PS2 Linux installation DVDs are region encoded, as are all other PS2 game discs. A European/PAL disc will be rejected by an NTSC PlayStation 2 game system; however this is only at boot time: if the user has a mod that allows them to load a PAL disc, then the PS2 Linux boot loader supports both PAL and NTSC Linux (read the documentation to determine the button presses), so once they are past the "DVD not supported", they can boot Linux and then later start X Window in NTSC mode.

== Unofficial support ==
Ever since the discontinuation of the PS2 Linux Kit and some time before that there has been a large, active group who have tried and succeeded to run the Linux operating system through other methods. One notable example is the KernelLoader Linux loader developed by Mega Man, which requires users to copy the necessary kernel files onto removable storage or DVDs. Such storage media must be formatted as a Video DVD due to Sony's anti-piracy measures, which restrict the use of data DVDs.
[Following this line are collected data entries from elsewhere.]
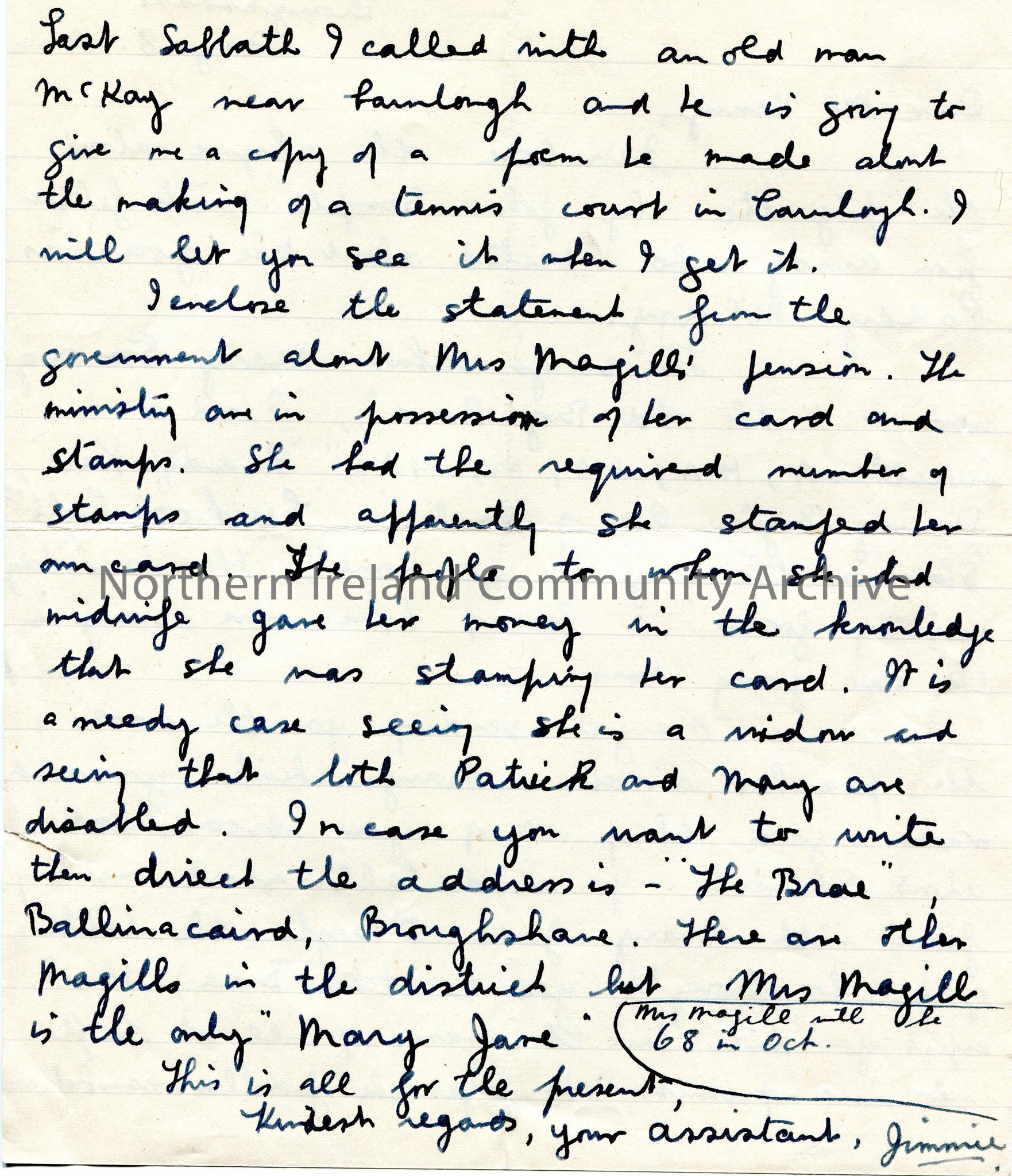 Handwritten letter signed 'your assistant, Jimmie' to Sam Henry, address from Loughloughan, Broughshane, dated Aug 8 1940. Jimmie refers to various songs sung by Mary. Mentions fiddler Sam Robinson. Talks about Mrs Magill's pension.
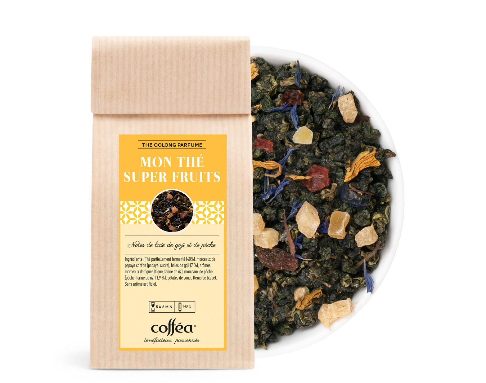 Ce Thé Oolong Mon Thé Super Fruits, partiellement fermenté à 40 %, offre une alliance parfaite entre la douceur fruitée et les bienfaits naturels des super-fruits. Sa base de thé Oolong, réputée pour sa richesse aromatique, est sublimée par des morceaux de pêche juteuse, de papaye confite et de figues gourmandes, le tout rehaussé par les baies de goji, connues pour leurs propriétés revitalisantes.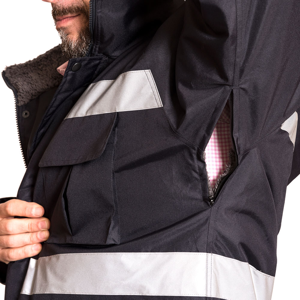 Fabricado en Oxford 300 D, material de alta duración formulado para mayor resistencia al desgaste causado por el uso. Producto diseñado con un aislante térmico que se adapta a bajas temperaturas y Humedad por su impermeabilidad media, ventilación bajo el brazo con cierre, Forro de corderito polar y abrigo en Guata de 140 Grs. Cuenta con dos líneas de cinta reflectante de 5 cm. en pecho y espalda. Gorro con cordón de ajuste, el cual se guarda bajo el cuello de la prenda. Provisto de 4 bolsillos tipo cargo y 2 tipo canguros delanteros de fácil acceso para mayor funcionalidad de la prenda.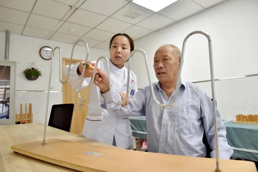 9月26日,邢台市南和区人民医院医养中心工作人员协助老人进行益智训练。新华社记者朱旭东 摄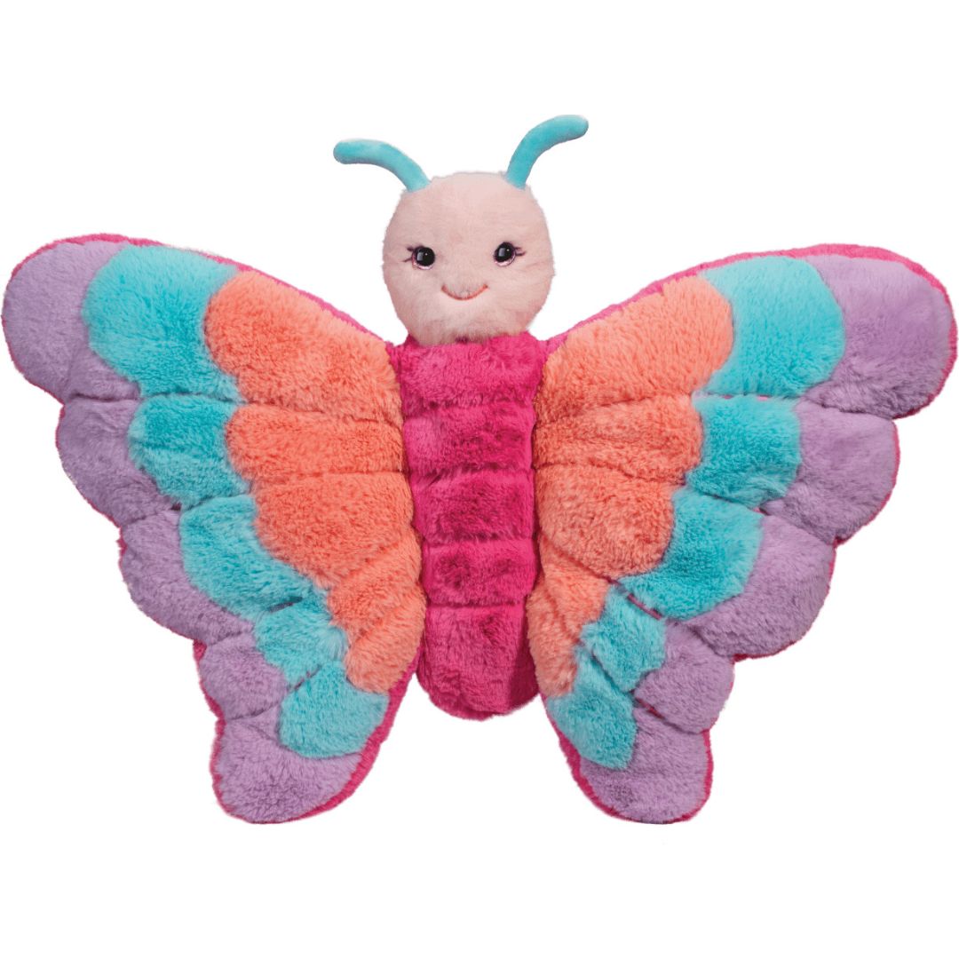 Bindi is a whimsical butterfly plush toy who brings joy wherever she goes! With her velvety soft wings and body in hues of bright pink, orange, blue, and purple, Bindi is a burst of color. Bindi’s plush body is made of high quality materials, is gentle to the touch, and her large size at 26.5 inches wide makes her a great cuddle companion for anyone who loves butterflies. Bindi’s happy expression and embroidered smiley face show her friendly and optimistic personality. Bindi is more than just a plush toy – She’s a great friend who turns ordinary moments into something special.

Through this method it has become possible to use custom Linux distros and other UNIX-like operating systems compiled for the PlayStation 2 and this has enabled users to use more compatible Linux kernels with smaller footprints and programs specially designed for the console. These methods often require the use of PS2 exploits such as Free MCBoot which allows the end user to boot from the PlayStation 2 memory card and launch custom made homebrew applications packaged as ELF files and other exploits such as SwapMagic etc. Some other more invasive methods (such as the use of modchips or resoldering an IDE port on early 7000x models) require the opening of the PlayStation 2 console itself, voiding the warranty of the device if still applicable.